◆ **Record extracts**:

+ + + + +

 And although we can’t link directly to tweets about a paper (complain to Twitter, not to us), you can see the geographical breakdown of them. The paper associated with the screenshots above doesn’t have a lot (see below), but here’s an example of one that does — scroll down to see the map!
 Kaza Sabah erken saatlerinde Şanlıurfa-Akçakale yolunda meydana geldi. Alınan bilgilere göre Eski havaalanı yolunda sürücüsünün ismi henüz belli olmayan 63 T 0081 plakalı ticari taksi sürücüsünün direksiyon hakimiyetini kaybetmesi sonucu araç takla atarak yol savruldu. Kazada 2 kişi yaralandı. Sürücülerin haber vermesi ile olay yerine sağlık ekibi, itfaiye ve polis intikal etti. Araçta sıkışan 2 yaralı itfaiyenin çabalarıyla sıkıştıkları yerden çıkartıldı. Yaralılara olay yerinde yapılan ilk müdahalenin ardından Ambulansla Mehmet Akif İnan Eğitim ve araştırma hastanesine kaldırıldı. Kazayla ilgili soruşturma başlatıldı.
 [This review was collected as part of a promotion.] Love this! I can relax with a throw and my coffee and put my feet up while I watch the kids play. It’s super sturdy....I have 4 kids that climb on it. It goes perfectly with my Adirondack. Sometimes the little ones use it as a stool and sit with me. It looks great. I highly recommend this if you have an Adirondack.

+ + + + +

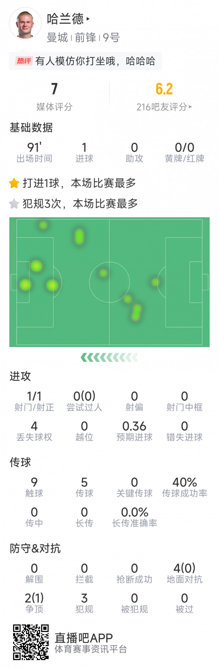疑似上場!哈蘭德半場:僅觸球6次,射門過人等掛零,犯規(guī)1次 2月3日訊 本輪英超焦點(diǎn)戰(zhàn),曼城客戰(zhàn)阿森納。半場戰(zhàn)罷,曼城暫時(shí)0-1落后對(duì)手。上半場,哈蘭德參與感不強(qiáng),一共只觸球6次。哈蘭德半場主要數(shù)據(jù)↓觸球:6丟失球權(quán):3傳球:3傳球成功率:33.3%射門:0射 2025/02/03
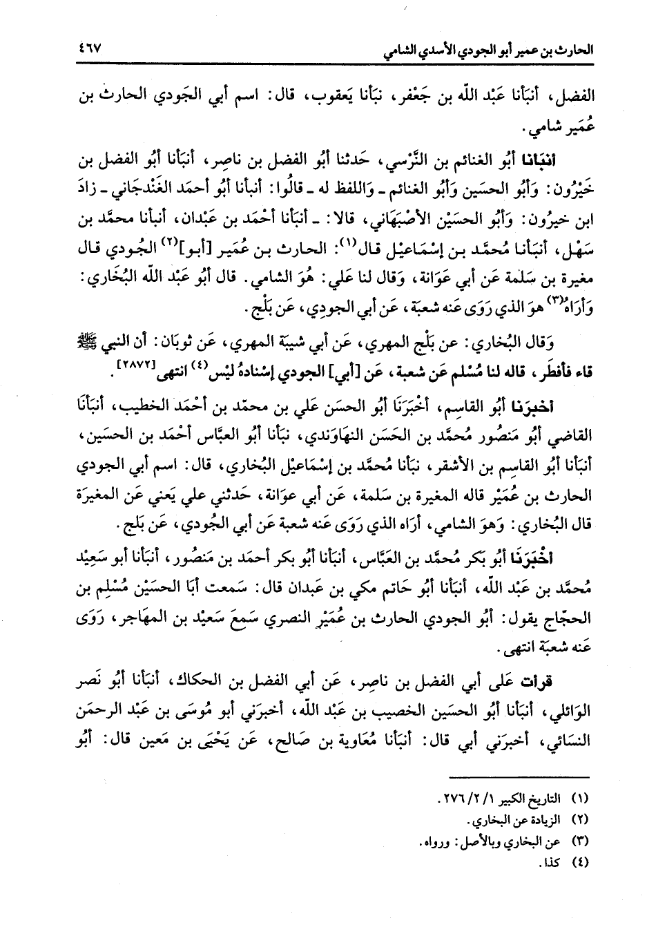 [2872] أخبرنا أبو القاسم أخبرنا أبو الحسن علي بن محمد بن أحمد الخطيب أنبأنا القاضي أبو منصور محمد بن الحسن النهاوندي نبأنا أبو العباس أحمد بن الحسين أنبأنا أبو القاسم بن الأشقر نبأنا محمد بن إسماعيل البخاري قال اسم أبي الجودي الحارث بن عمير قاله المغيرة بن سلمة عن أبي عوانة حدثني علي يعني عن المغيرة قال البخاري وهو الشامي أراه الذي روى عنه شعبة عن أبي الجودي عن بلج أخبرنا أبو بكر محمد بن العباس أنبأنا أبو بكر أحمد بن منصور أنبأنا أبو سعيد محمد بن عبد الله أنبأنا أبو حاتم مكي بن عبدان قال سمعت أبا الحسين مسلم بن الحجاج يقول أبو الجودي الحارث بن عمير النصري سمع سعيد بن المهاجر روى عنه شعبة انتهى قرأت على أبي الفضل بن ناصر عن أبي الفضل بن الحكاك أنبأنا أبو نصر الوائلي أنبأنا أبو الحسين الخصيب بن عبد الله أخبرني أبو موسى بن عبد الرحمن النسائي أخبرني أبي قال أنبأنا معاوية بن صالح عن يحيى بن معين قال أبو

+ + + + +

The entries above hold a line with "Kaza Sabah erken" and a later line with "[This review was". Write out exactly those lines and all lines between, nothing more.

 Kaza Sabah erken saatlerinde Şanlıurfa-Akçakale yolunda meydana geldi. Alınan bilgilere göre Eski havaalanı yolunda sürücüsünün ismi henüz belli olmayan 63 T 0081 plakalı ticari taksi sürücüsünün direksiyon hakimiyetini kaybetmesi sonucu araç takla atarak yol savruldu. Kazada 2 kişi yaralandı. Sürücülerin haber vermesi ile olay yerine sağlık ekibi, itfaiye ve polis intikal etti. Araçta sıkışan 2 yaralı itfaiyenin çabalarıyla sıkıştıkları yerden çıkartıldı. Yaralılara olay yerinde yapılan ilk müdahalenin ardından Ambulansla Mehmet Akif İnan Eğitim ve araştırma hastanesine kaldırıldı. Kazayla ilgili soruşturma başlatıldı.
 [This review was collected as part of a promotion.] Love this! I can relax with a throw and my coffee and put my feet up while I watch the kids play. It’s super sturdy....I have 4 kids that climb on it. It goes perfectly with my Adirondack. Sometimes the little ones use it as a stool and sit with me. It looks great. I highly recommend this if you have an Adirondack.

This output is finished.